▸ Assignment
Once the line containing "Crafted in a" is reached, copy it and every line after it exactly, to the end of the material, without pictures.

▸ Material provided
───

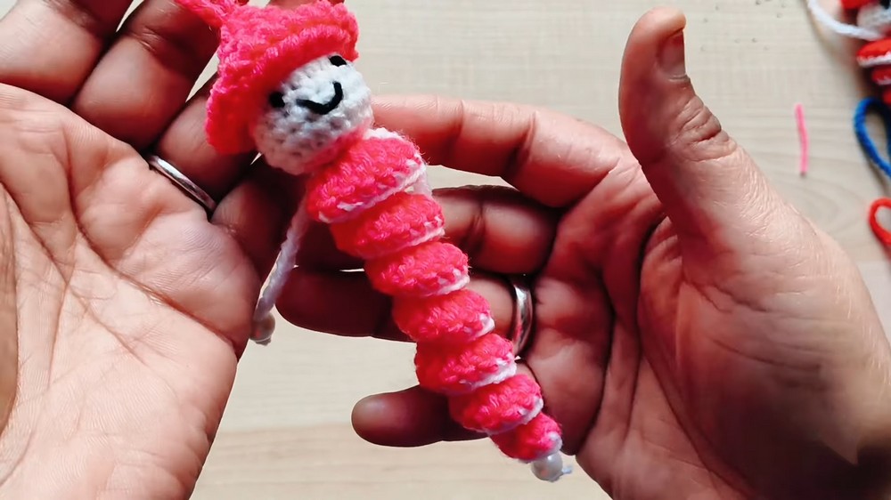 Your spiral hanging doll is now complete! This versatile, playful design works as an ornament for your home, car, or even as a cheerful Christmas decoration. You can experiment with colors and accessories to suit any season or occasion.
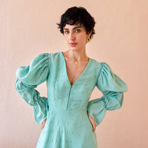 Crafted in a soothing pastel aqua, this maxi-length dress blends structure with softness. It features a flattering V-neckline with subtle herringbone stitch detailing at the cleavage, adding texture and finesse. The standout detail? Two-tiered full-length puffed sleeves that bring gentle volume and a romantic silhouette. The stylized back and center-back zipper offers a clean, modern finish, designed for both comfort and impact.
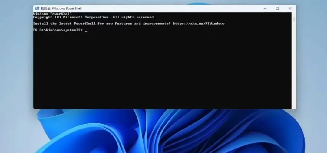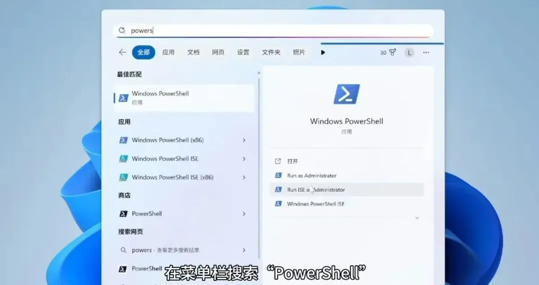 打开终端,在菜单栏搜索power shell,这里注意一定要选择以【管理员身份运行】,然后你的屏幕上就会出现一个大大的窗口如图:

───

▸ Output for this task
 Crafted in a soothing pastel aqua, this maxi-length dress blends structure with softness. It features a flattering V-neckline with subtle herringbone stitch detailing at the cleavage, adding texture and finesse. The standout detail? Two-tiered full-length puffed sleeves that bring gentle volume and a romantic silhouette. The stylized back and center-back zipper offers a clean, modern finish, designed for both comfort and impact.
 打开终端,在菜单栏搜索power shell,这里注意一定要选择以【管理员身份运行】,然后你的屏幕上就会出现一个大大的窗口如图:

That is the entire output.